To treat the probabilities of the Calculus of Judgments as indicative of significance in the Fisher tradition is, according to Hogben, to locate probability “in the mind”—the notion that a high degree of belief is warranted about the invalidity of null hypotheses rejected by “significant” findings. Hogben strenuously objects to this practice, preferring instead what he calls a “behaviorist” approach, which treats probability completely in terms of relative frequencies exhibited by observable events. Further, Hogben objects to the negative aspects of Fisher’s stress on the rejection of elementary (no-difference) null hypotheses (rather than emphasizing positive knowledge through the development of specific and informative alternative hypotheses). Hogben is not, however, against scientists individually or collectively having beliefs about the validity of hypotheses, and he fully recognizes that making positive inferences must be a part of scientific activity; his criticism is directed generally at attempts to calculate and express such beliefs as probabilities, specifically with significance tests involving elementary null hypotheses.2
Hogben thinks the main application of the Calculus of Judgments is in practical applications, as in quality control in manufacturing. In this sense, then, he clearly is not endorsing the Neyman-Pearson-Wald approach as a prescription for scientific inference. He does allow the possibility that the tests may play an occasional minor role in the scientific enterprise as a screen against rash decisions or as advice to the researcher concerning which hunches are worth following. However, he quickly qualifies even this possible contribution of the tests :
An experienced investigator, with no illusions about the practicality of formulating risks relevant to further effort in numerically intelligible terms consistent with the professional ethic of scientific research, may accordingly prefer to rely on common sense, if statistical theory has nothing better to confer [Chapter 2: 25].

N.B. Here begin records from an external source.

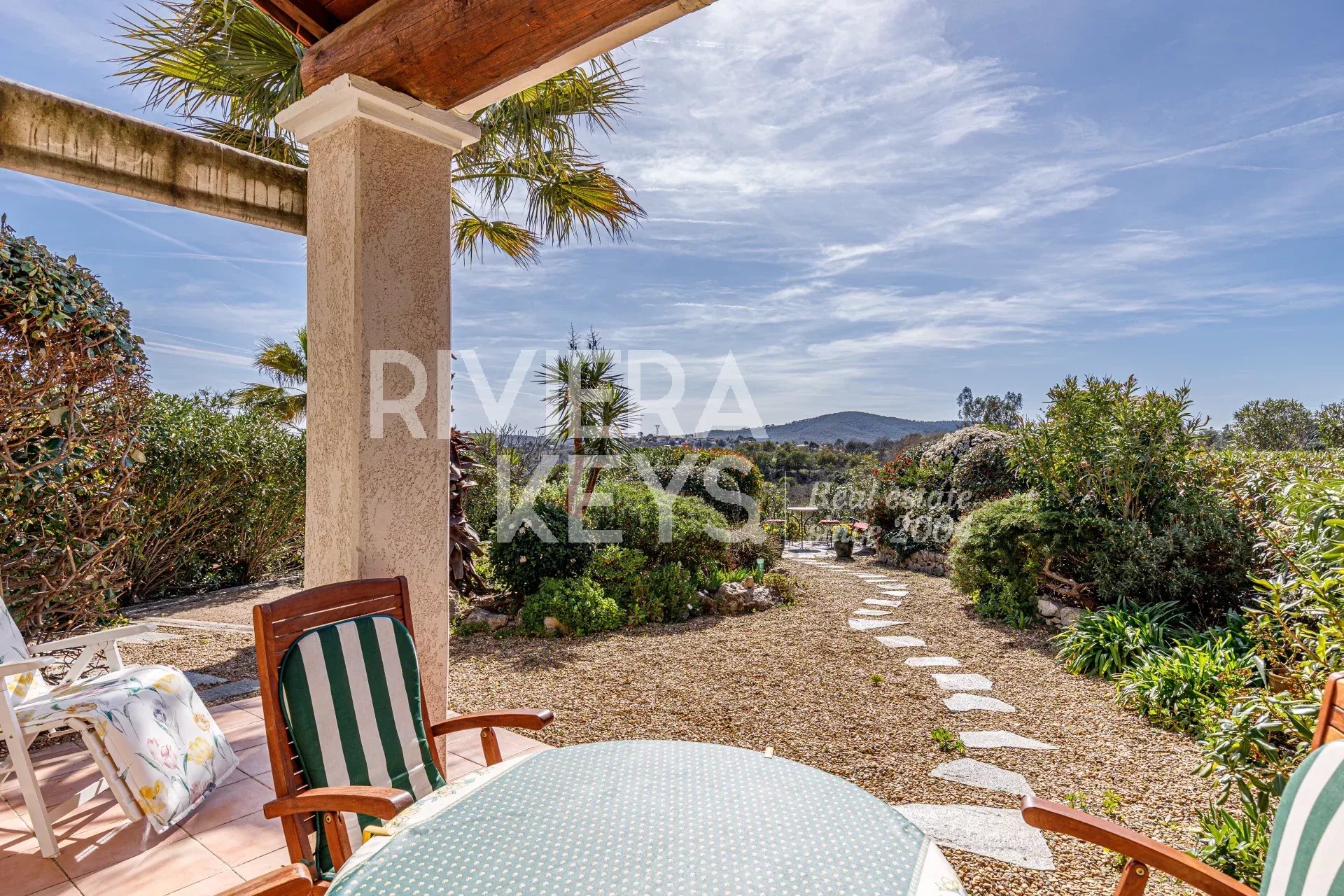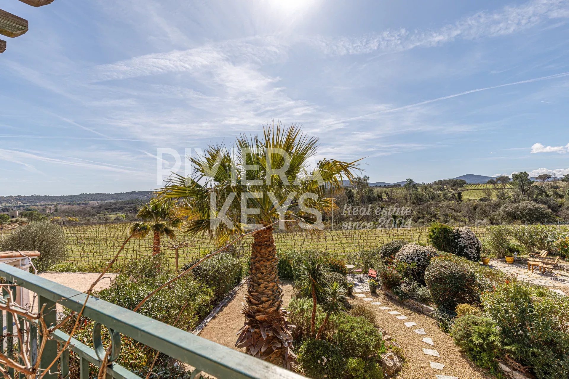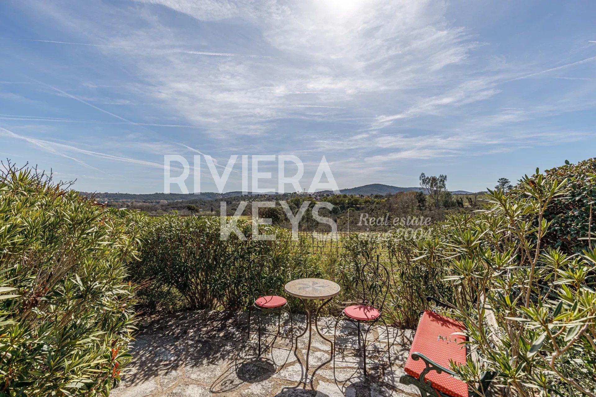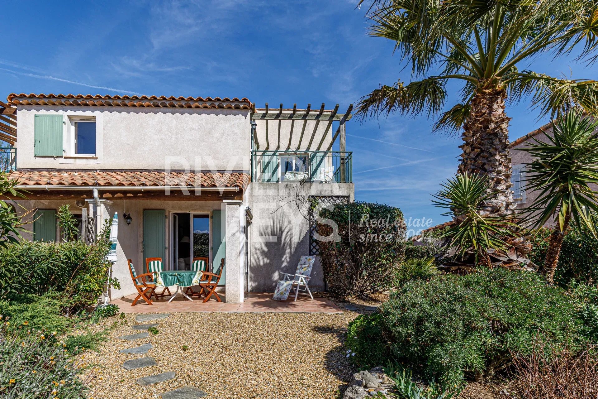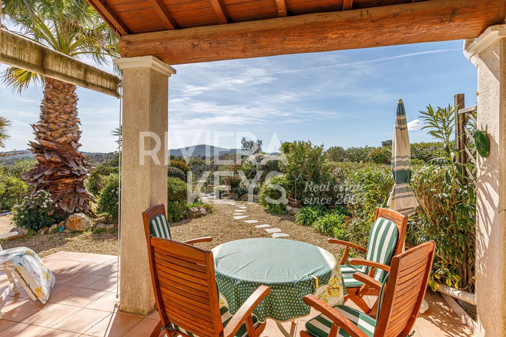 Dette sjarmerende rekkehuset på rundt 60 m² og tomt på 250 m², har flott utsikt over vinranker, og ligger i et lukket husområde nær golfbanen i Roquebrune-sur-Argens.
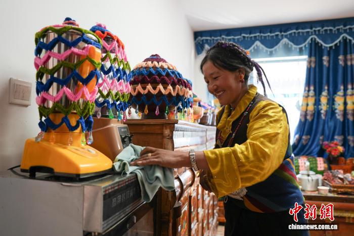 村民多布杰在森嘎村經(jīng)營著一家甜茶館。從安置板房搬進(jìn)牢固的新居后,生活重回正軌。他在自家院中建起陽光棚開門迎客,每日顧客絡(luò)繹不絕。“新房寬敞,通了自來水,裝了太陽能熱水器,房子都是鋼筋水泥建的,住著不害怕了?!闭劶澳菆鰹?zāi)難,他輕聲說:“只是偶爾想起離開的長輩和發(fā)小,心里還是會難過。”
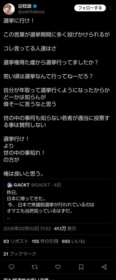 1: 2026/02/06(金) 11:00:10.99 選挙に行け!この言葉が選挙期間に多く投げかけられるがコレ言ってる人達はさ選挙権得た歳から選挙行ってましたか?若い頃は選挙なんて行ってねーだろ?自分が年取って選挙行くようになったからかどーかは知らんが偉そーに言うなと思う… — 迫稔雄 (@oshitokosa) February 2, 2026 ※関連記事 【悲報】声優の緒方恵美さん「戦争はしない、させない。選挙で伝える」→炎上してしまう…
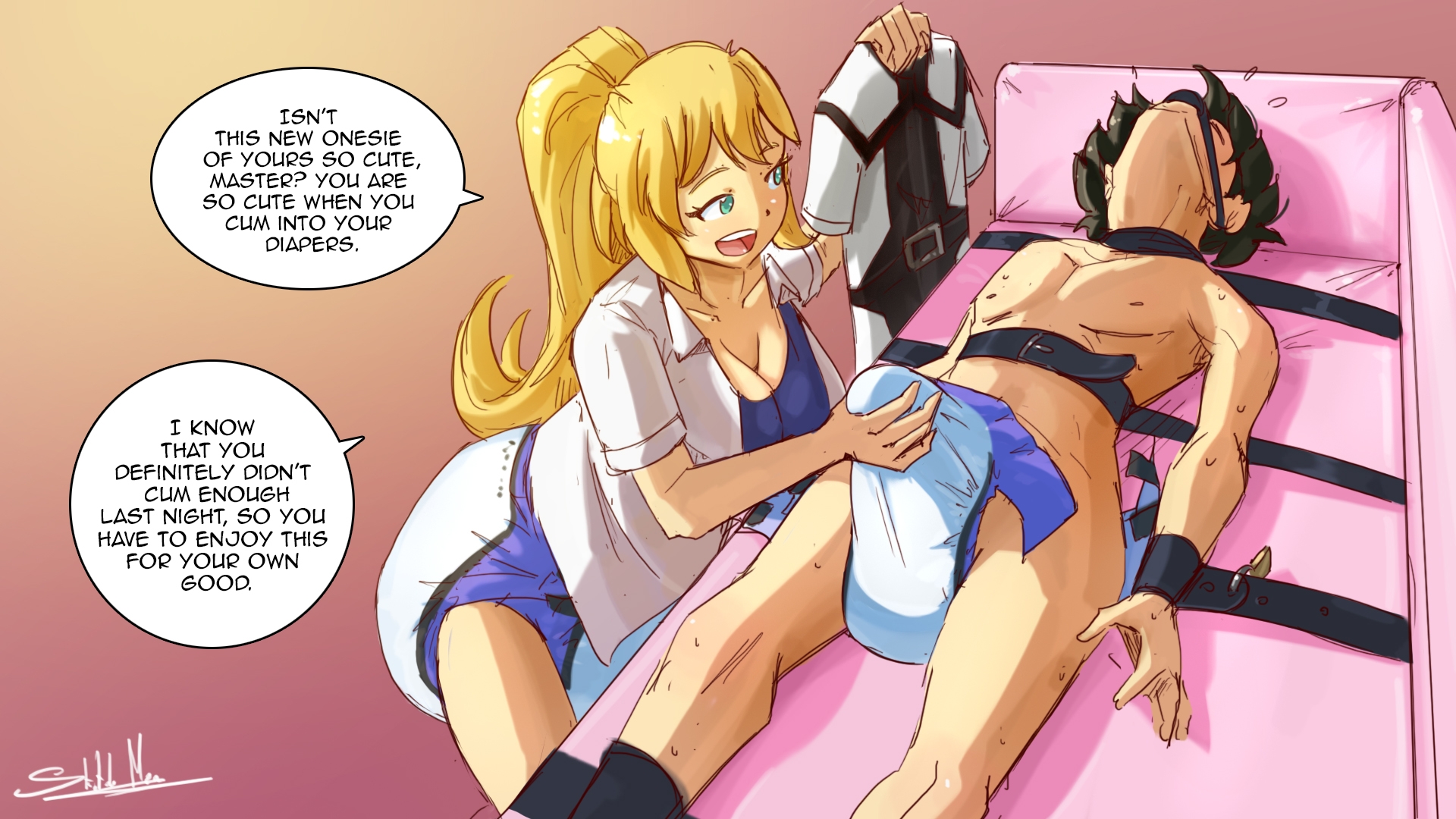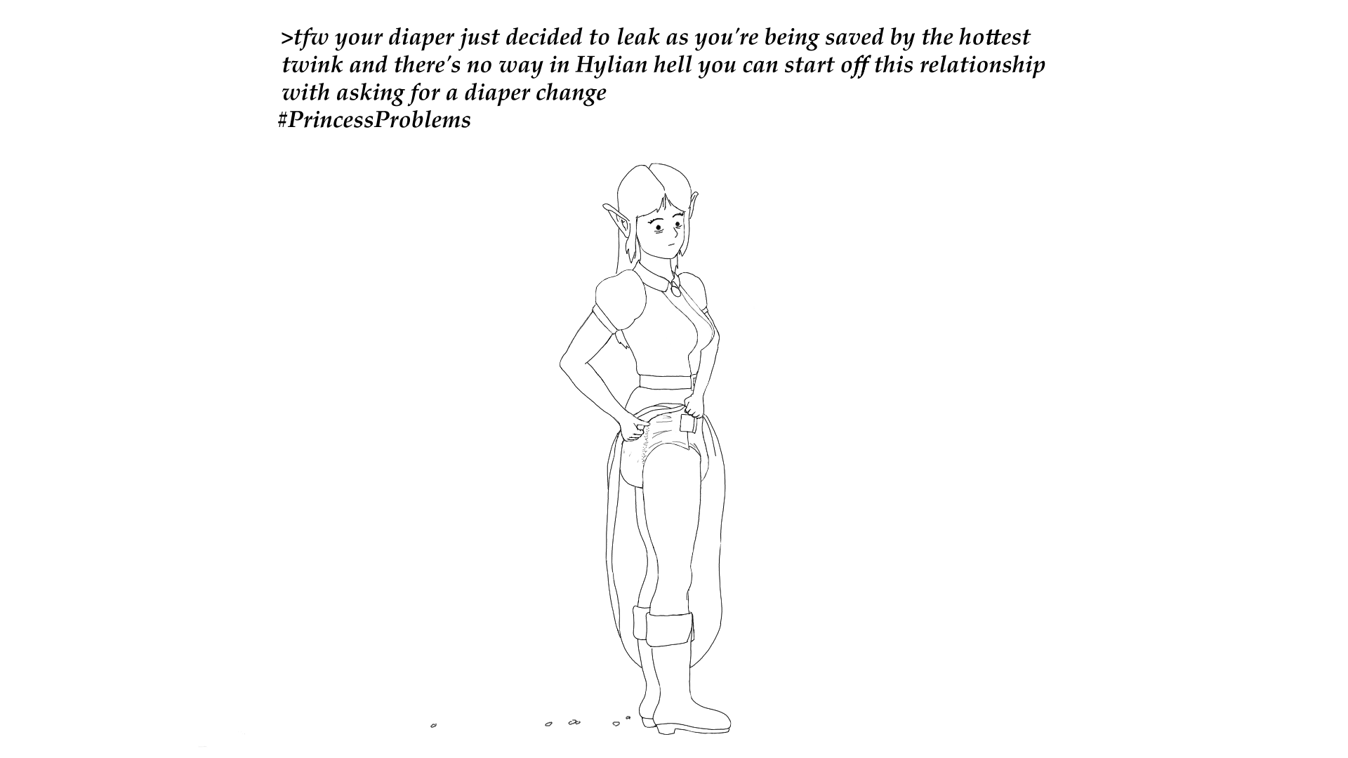 >>9132986>getting into a feedback loop of horniness and pleasureI think this happened to me before>>9132987Zee also did a similar pic I think with a female goblin and a male orchestra (that suspiciously looked like Zee's OC). The best part is the goblin saying "down boy" during a diaper change
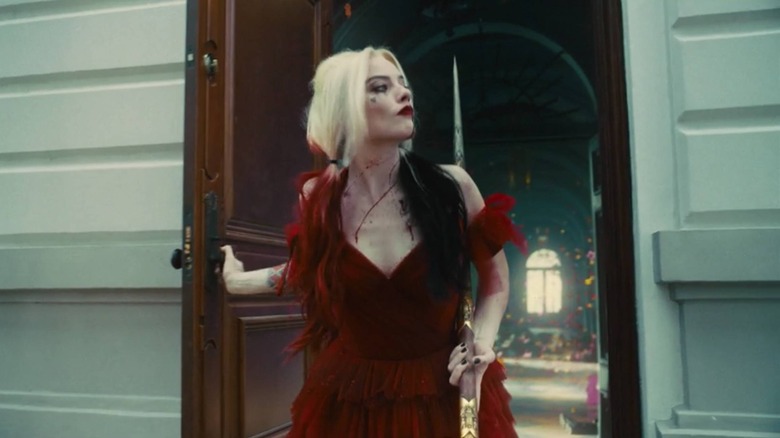 You weren't alone if you thought the colorful fight scene looked familiar. In "Birds of Prey," when Harley goes to the police station, a similar-looking fight breaks out where it seems like she's shooting people with smoke bombs and confetti. One way of looking at that scene is that all of the eccentricities are in Harley's imagination, and she's killing those men with real bullets. Something similar could be said for the sequence where she escapes from the Corto Maltese government. We know the guards aren't actually filled with flowers in place of blood, but that's merely what Harley perceives it. And some believe that's one of her superpowers.
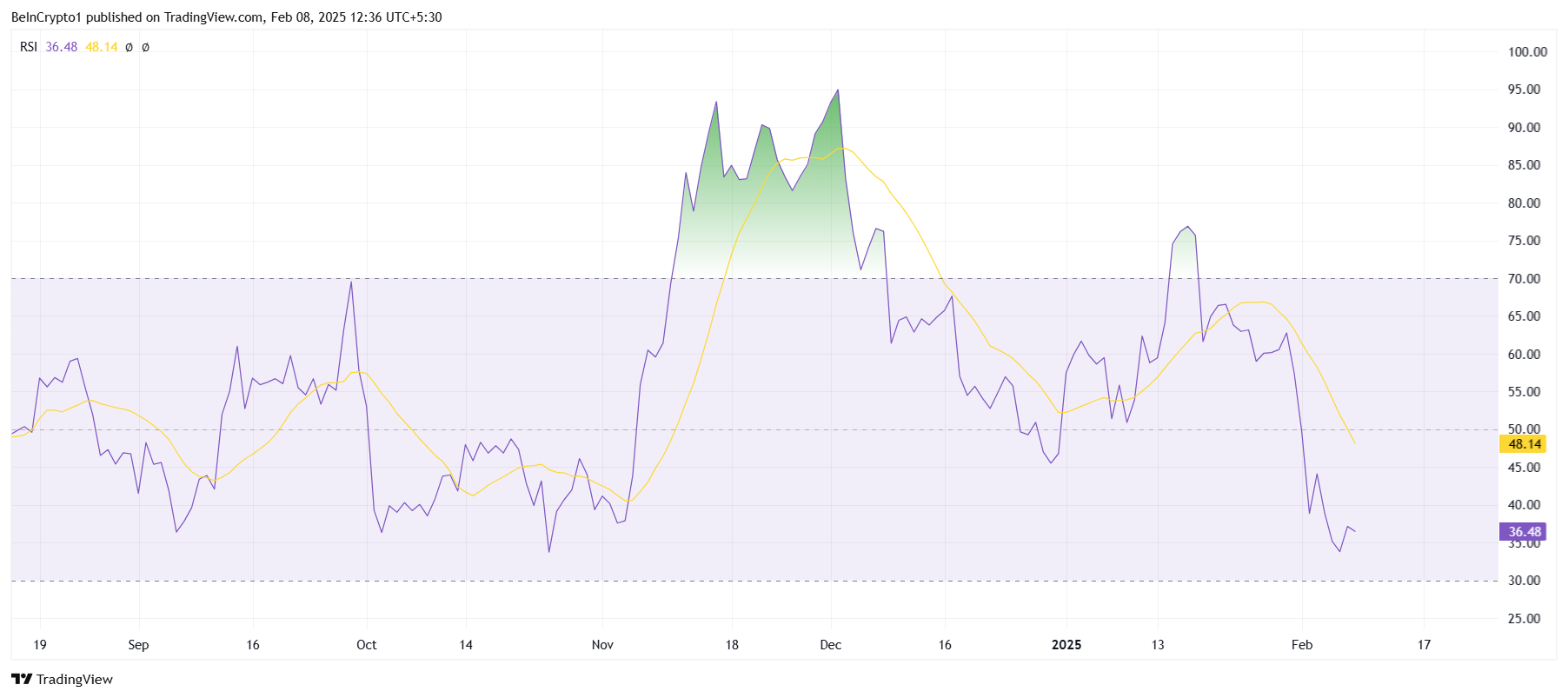 انخفض مؤشر القوة النسبية (RSI) لإكس آر بي إلى أدنى مستوى له في ثلاثة أشهر، مما يعزز الزخم الهبوطي القوي. يشير مؤشر القوة النسبية، الذي يقيس قوة السوق، إلى أن ضغوط البيع تتزايد.
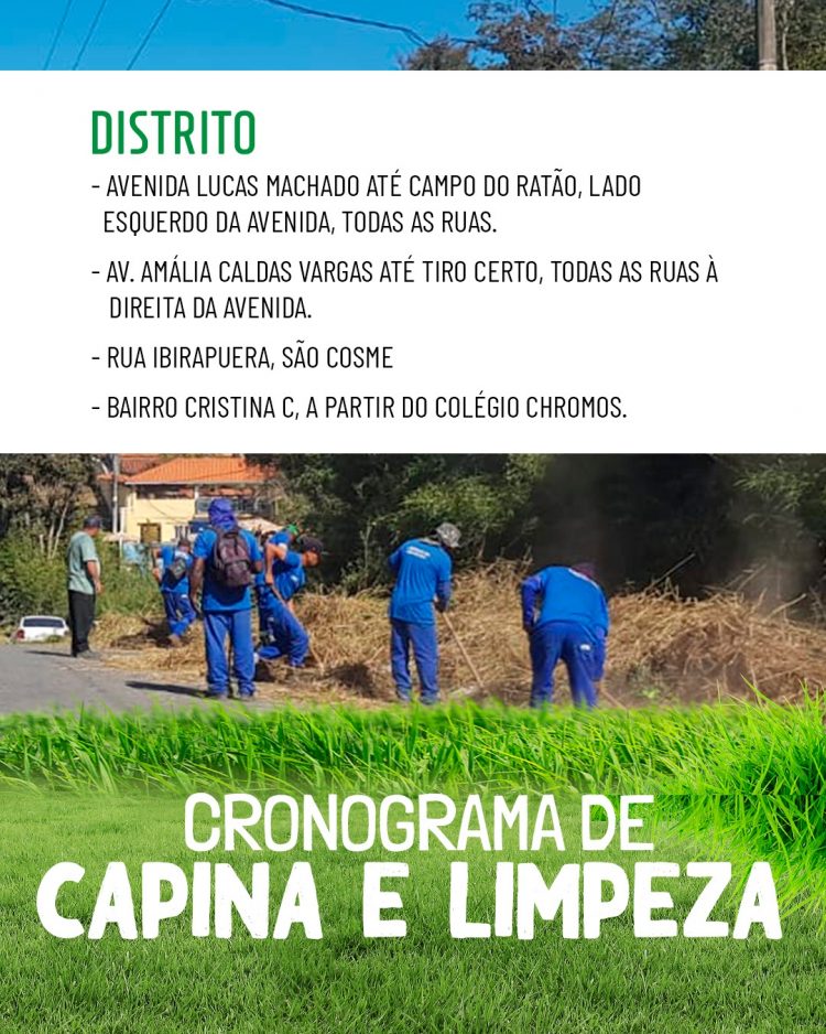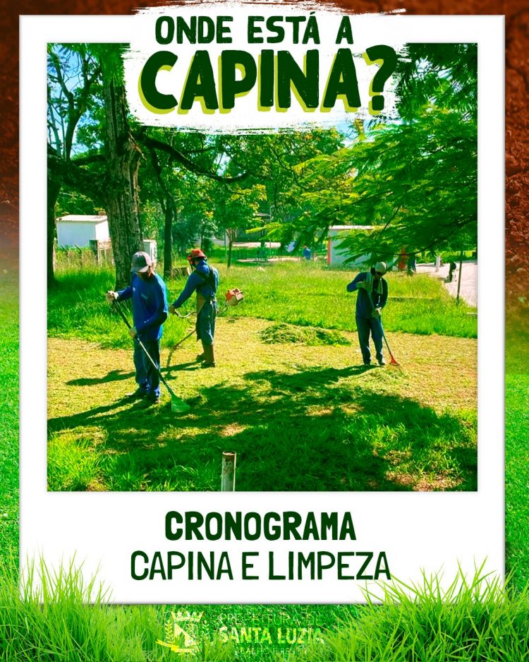 Dando sequência aos trabalhos capina e limpeza que são desenvolvidos semanalmente, a Prefeitura de Santa Luzia está divulgando o cronograma de onde as equipes estarão nos próximos dias. As ações são desenvolvidas tanto na região do distrito de São Benedito, quanto na sede da cidade. Veja abaixo os locais onde acontecem os serviços de segunda (19) a sexta-feira (23).
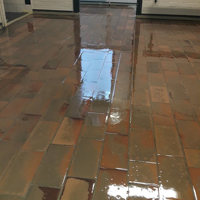 - Als laatste wordt er een coating aangebracht om de vloer te sealen.
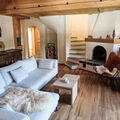 4-room apartment 150 m2 on 2 levels. Comfortable and cosy furnishings: living/dining room with open-hearth fireplace (only for decoration). Exit to the balcony. 1 double bedroom with shower/WC. Large, open kitchen (oven, dishwasher, 4 ceramic glass hob hotplates, toaster, kettle, freezer, electric coffee machine, raclette grill, fondue Set (cheese)). Sep. WC. Upper floor: gallery. 1 double bedroom with shower/WC. 1 room with 1 bed and 1 x 2 bunk beds, shower/WC. Balcony 25 m2, south facing position, patio 40 m2. Terrace furniture, balcony furniture, deck chairs (2). Beautiful view of the mountains, the countryside and the resort. Facilities: washing machine, dryer. Internet (WiFi, free). Parking, garage (2 cars) at the house, height 190 cm. Please note: non-smokers only.
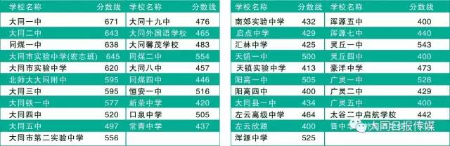 高中学校录取分数线如下:

Moreover, Hogben later points out that such a screening convention is worthless unless one considers the power of a test, and that the question of power cannot be resolved outside the context of practical situations requiring prudent research decisions.
In addition to the above issues, “Statistical Prudence and Statistical Inference” touches on an interrelated package of issues dealing with sampling, population, form, and scope, mainly in the context of Hogben’s attempt to demonstrate the general inadequacy of the Fisherian approach to significance tests. In “Significance as Interpreted by the School of R. A. Fisher” [Chapter 3], Hogben deals with this group of issues in more detail and with increasing invective. He also documents important inconsistencies in Fisher’s position, although some scholars will doubtless claim that both his selection and interpretation of Fisher’s statements are biased. Both Fisher’s position and Hogben’s analysis of these issues are complex but can be briefly summarized as follows.
According to Fisher, the purpose of a significance test is to determine whether two groups, treated and untreated, can be considered samples from the same infinite hypothetical population. Thus, the null hypothesis takes the familiar form that the groups do not differ on some characteristic of interest. If the null hypothesis is rejected on the basis of a significance test, the appropriate inference is that the treatment made a significant difference and the groups did not come from the same infinite hypothetical population. Thus, the population involved in the Fisherian view of significance is the conceptual resultant of the test procedure.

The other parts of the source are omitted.